[Instructions to follow]
Without any pictures, print the lines below from the one that has "今日は,3年生が「○○に感謝する日」というテーマで考え,発表しました。" through the one that has "青花人物臘梅文有蓋罐T(清末期時代、AD1875〜1911)", exactly and nothing else.

───── Supplied entries

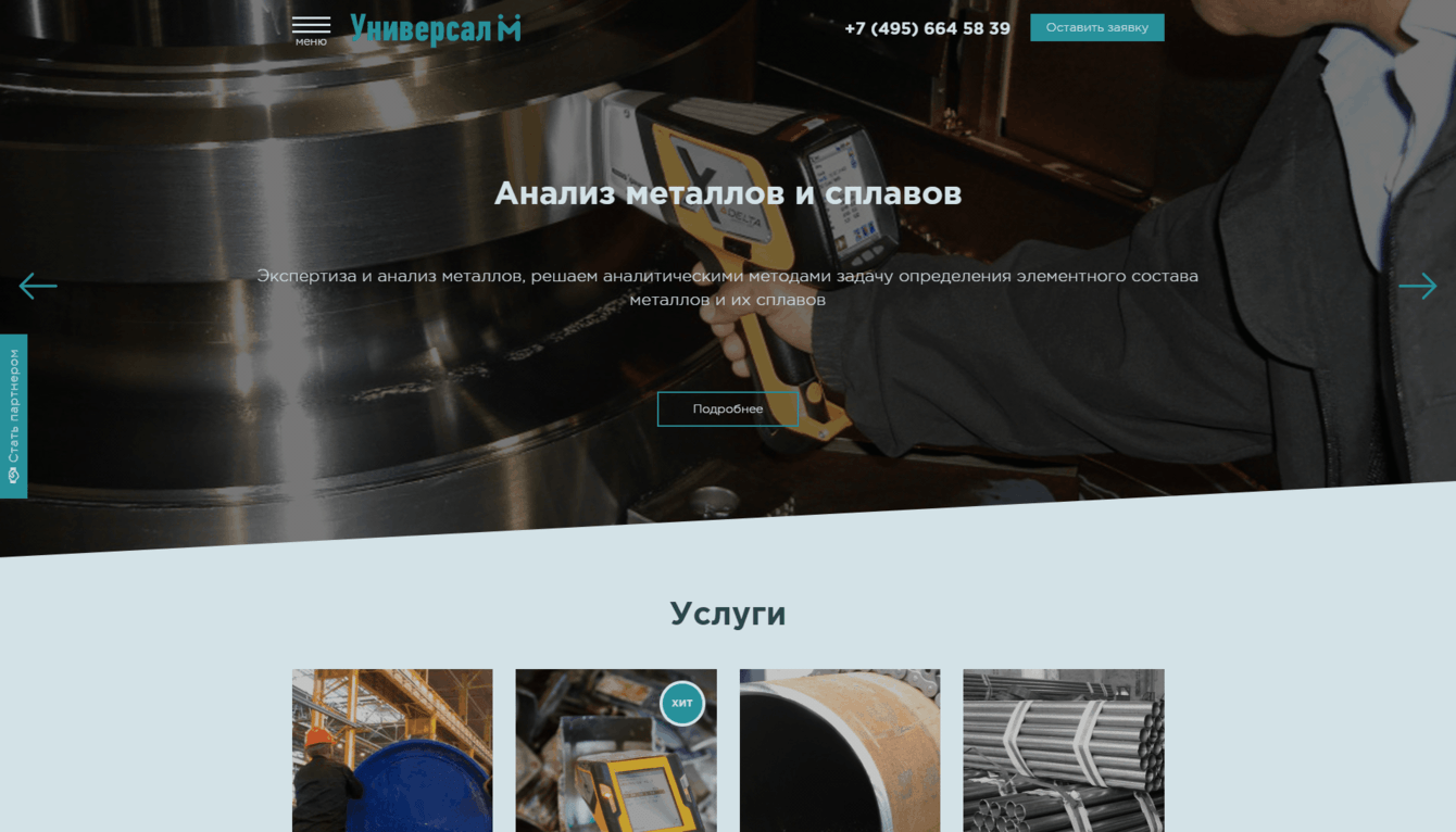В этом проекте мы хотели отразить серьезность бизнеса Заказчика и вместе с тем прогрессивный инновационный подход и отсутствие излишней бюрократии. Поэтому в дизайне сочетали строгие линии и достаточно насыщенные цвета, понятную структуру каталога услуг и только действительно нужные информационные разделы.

──────────
───── Supplied entries

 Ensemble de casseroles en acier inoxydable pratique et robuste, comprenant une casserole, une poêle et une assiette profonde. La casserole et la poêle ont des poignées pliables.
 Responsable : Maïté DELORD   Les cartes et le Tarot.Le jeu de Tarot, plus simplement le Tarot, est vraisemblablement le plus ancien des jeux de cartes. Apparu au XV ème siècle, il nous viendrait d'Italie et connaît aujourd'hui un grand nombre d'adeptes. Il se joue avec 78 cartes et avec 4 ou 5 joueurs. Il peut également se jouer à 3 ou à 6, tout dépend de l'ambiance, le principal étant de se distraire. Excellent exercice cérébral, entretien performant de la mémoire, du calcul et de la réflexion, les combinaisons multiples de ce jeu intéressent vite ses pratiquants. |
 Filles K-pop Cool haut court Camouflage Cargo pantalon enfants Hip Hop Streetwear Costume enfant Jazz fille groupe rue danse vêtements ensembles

──────────
───── Supplied entries

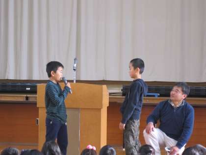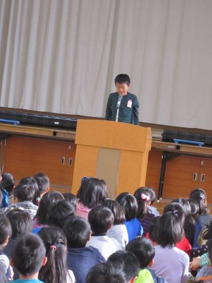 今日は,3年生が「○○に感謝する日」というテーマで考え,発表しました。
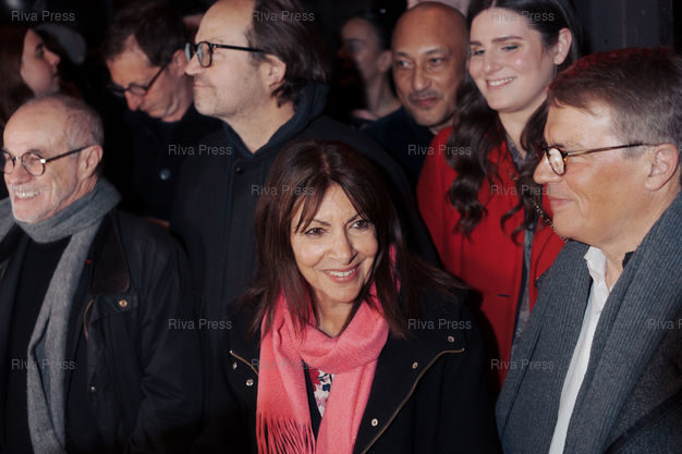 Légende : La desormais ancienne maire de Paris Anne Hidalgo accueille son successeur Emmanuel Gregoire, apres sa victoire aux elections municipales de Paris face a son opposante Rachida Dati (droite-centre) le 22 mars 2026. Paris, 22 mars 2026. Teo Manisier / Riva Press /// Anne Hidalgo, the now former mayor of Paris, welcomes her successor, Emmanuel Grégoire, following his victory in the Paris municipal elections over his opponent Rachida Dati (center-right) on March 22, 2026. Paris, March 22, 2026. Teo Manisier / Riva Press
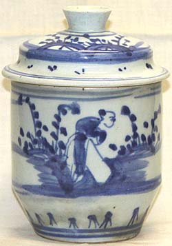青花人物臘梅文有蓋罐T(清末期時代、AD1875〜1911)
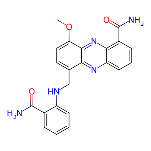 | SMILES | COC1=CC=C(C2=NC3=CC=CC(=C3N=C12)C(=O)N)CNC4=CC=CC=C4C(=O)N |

──────────

[Answer below]
 今日は,3年生が「○○に感謝する日」というテーマで考え,発表しました。
 Légende : La desormais ancienne maire de Paris Anne Hidalgo accueille son successeur Emmanuel Gregoire, apres sa victoire aux elections municipales de Paris face a son opposante Rachida Dati (droite-centre) le 22 mars 2026. Paris, 22 mars 2026. Teo Manisier / Riva Press /// Anne Hidalgo, the now former mayor of Paris, welcomes her successor, Emmanuel Grégoire, following his victory in the Paris municipal elections over his opponent Rachida Dati (center-right) on March 22, 2026. Paris, March 22, 2026. Teo Manisier / Riva Press
青花人物臘梅文有蓋罐T(清末期時代、AD1875〜1911)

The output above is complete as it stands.